### Task item
Every line from the first one in the data below through the line holding "- 【Presenter Pointer" is to be written out exactly, with the pictures omitted.

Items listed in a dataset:

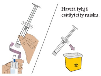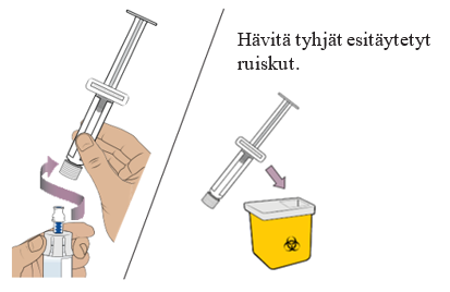 14 Irrota esitäytetty ruisku injektiopullosta
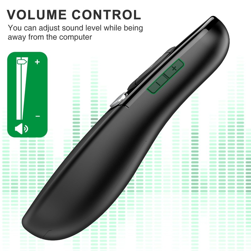 - 【Presenter Pointer with Multi-Features】Powerpoint pointer support page forward/backward,volume control,switch windows,open hyperlink,black/full screen.Computer remote control clicker features intuitive touch-keys for an easy slideshow control
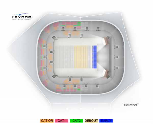 Carré Or : places assises numérotées Catégorie 1 : places assises numérotées Catégorie 2 : places assises numérotées Debout : placement libre Early Entry : placement libre debout – accès prioritaire en salle à l’ouverture des portes. Rendez-vous à 18h00. L’accès prioritaire ne sera pas garanti pour les retardataires.
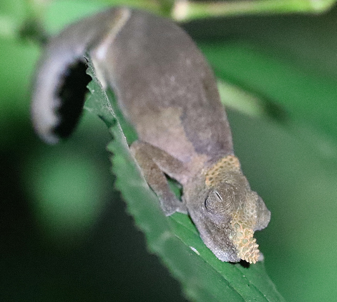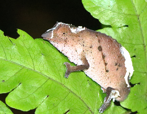 – Rhampholeon spinosus : endémique mais très difficile à trouver en raison de sa taille, de sa finesse et de son habitude à rester à plus de 3m de haut dans la canopée. Il a une corne arrondie avec de petits piquants, piquants plus prononcés chez le mâle.
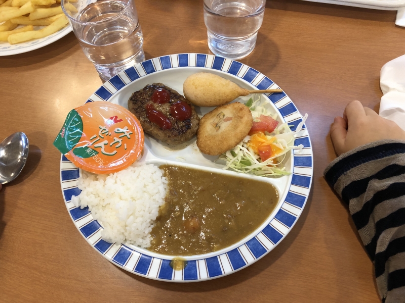 【「スノイル」のキッズプレート 800円】カレー、ハンバーグ、アメリカンドッグ、コロッケ、サラダ、みかんゼリーと盛り盛り。お子様用のメニューにもう1つ【お子様甘口ビーフカレー 750円】もあります。
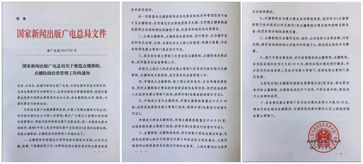 为了应对其快速发展,2017年上半年,广电两次针对点播影院发文,拟将原本处于野蛮生长的私人点播影院行业正式纳入正规渠道,并拟采用一级院线的管理办法对各点播院线进行管理。
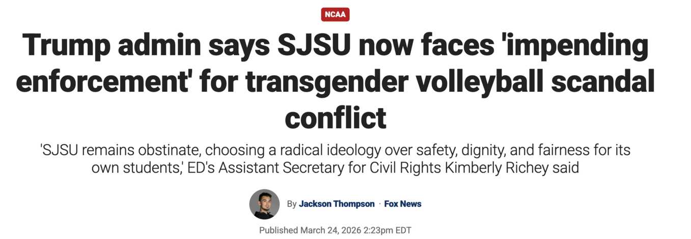 https://www.foxnews.com/sports/trump-admin-says-sjsu-now-faces-impending-enforcement-transgender-volleyball-scandal-dispute https://truthsocial.com/@EDSecMcMahon/116285667395946350
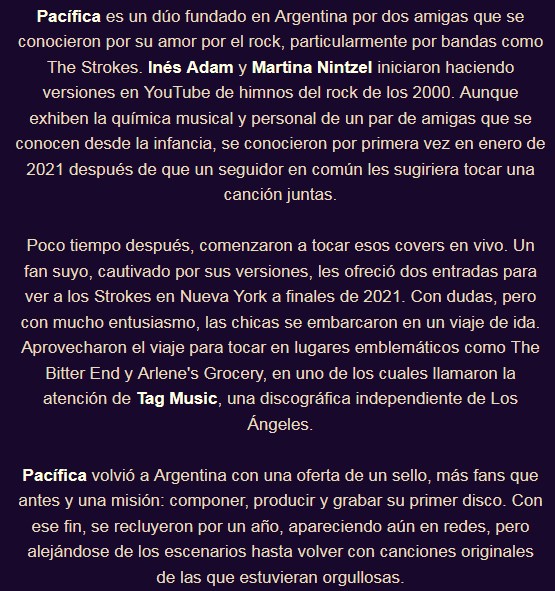 Pacífica es un dúo de Argentina que llega hasta Uruguay para presentarse a través de su excelente canción “With or without you”. De esta manera, el dúo conformado por Inés Adam y Martina Nintzel nos ofrecen su simple debut, que suena fantástico, y que cuenta con un muy buen video.
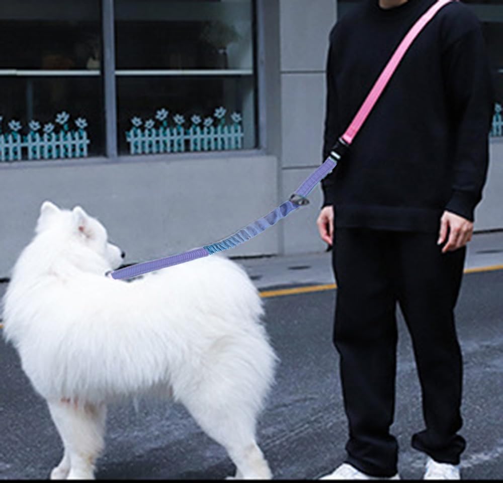 Hands Free Dog Leash for Large Medium Dogs Heavy Duty Bungee Reflective Adjustable Waist Leashes for Walking Running with Car Buckle 4-6FT (Purple)
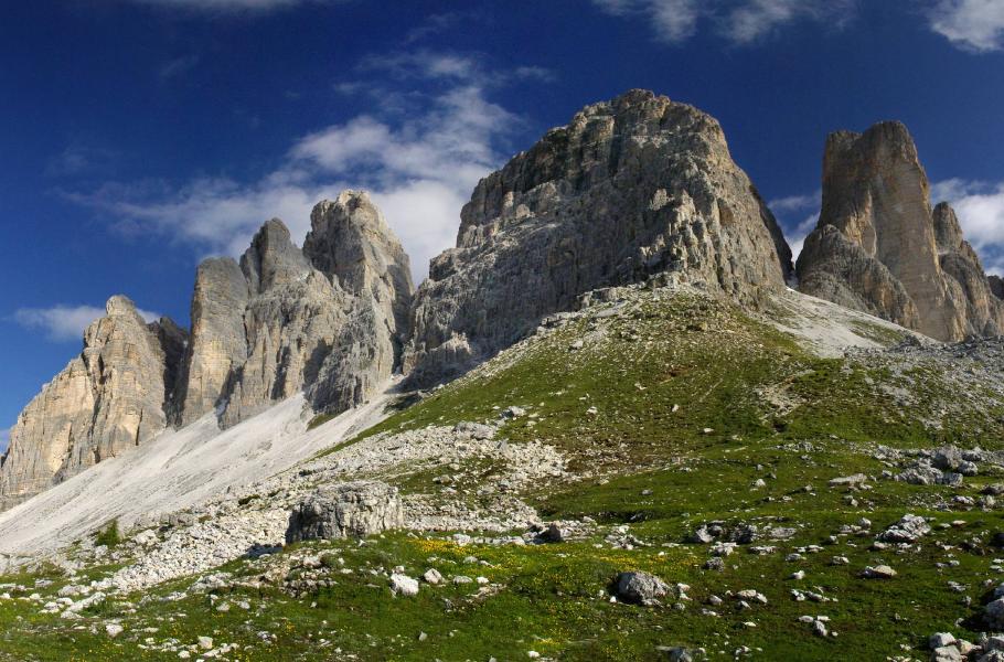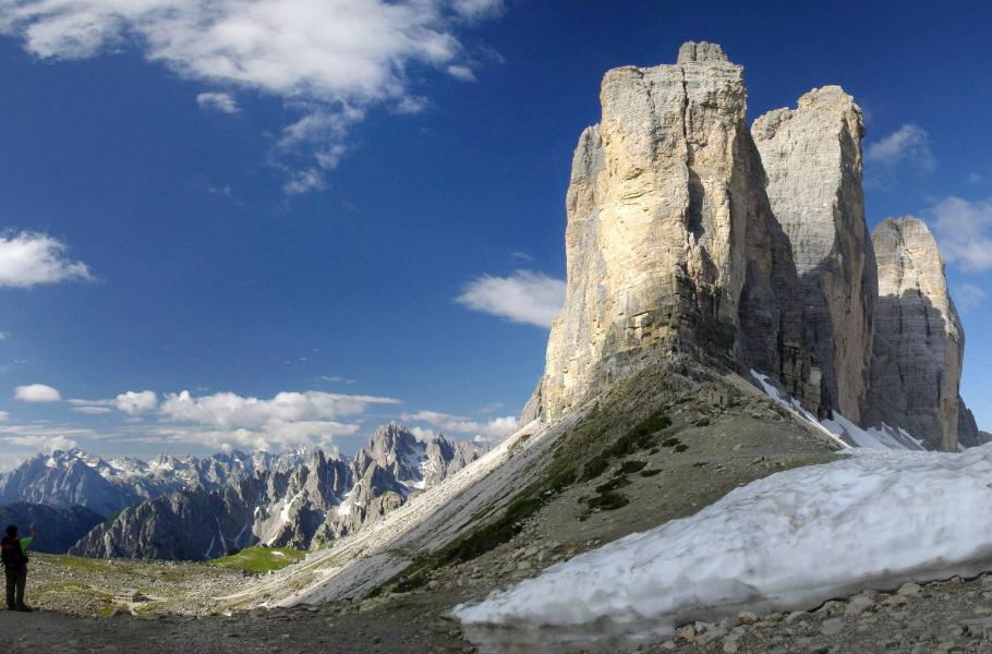 Kousek za sedlem (2 454 m n. m.) se konečně otvírá typický pohled na Tre Cime. Skalní zuby, které do první světové války tvořily hranici mezi Rakouskem a Itálií, měří 2 999 (Cime Grande), 2 973 (Cime Ovest) a 2 857 (Cime Piccola) metrů. Poválečné uspořádání přiřklo celé území Itálii, avšak zůstaly zde početné německé menšiny i jména (po německy tedy Drei Zinnen). Slavné via ferraty, zajištěné cesty, umožňující i nehorolezcům vystoupat na některé z vrcholků, mají (jako ostatně spousta jiných věcí) svůj původ ve válečném běsnění, které se nevyhnulo ani zdejším horám. Tunely a žebříky usnadňovaly vojákům pohyb v těžkém terénu, dnes slouží bohulibějším účelům.

### Reply
 14 Irrota esitäytetty ruisku injektiopullosta
 - 【Presenter Pointer with Multi-Features】Powerpoint pointer support page forward/backward,volume control,switch windows,open hyperlink,black/full screen.Computer remote control clicker features intuitive touch-keys for an easy slideshow control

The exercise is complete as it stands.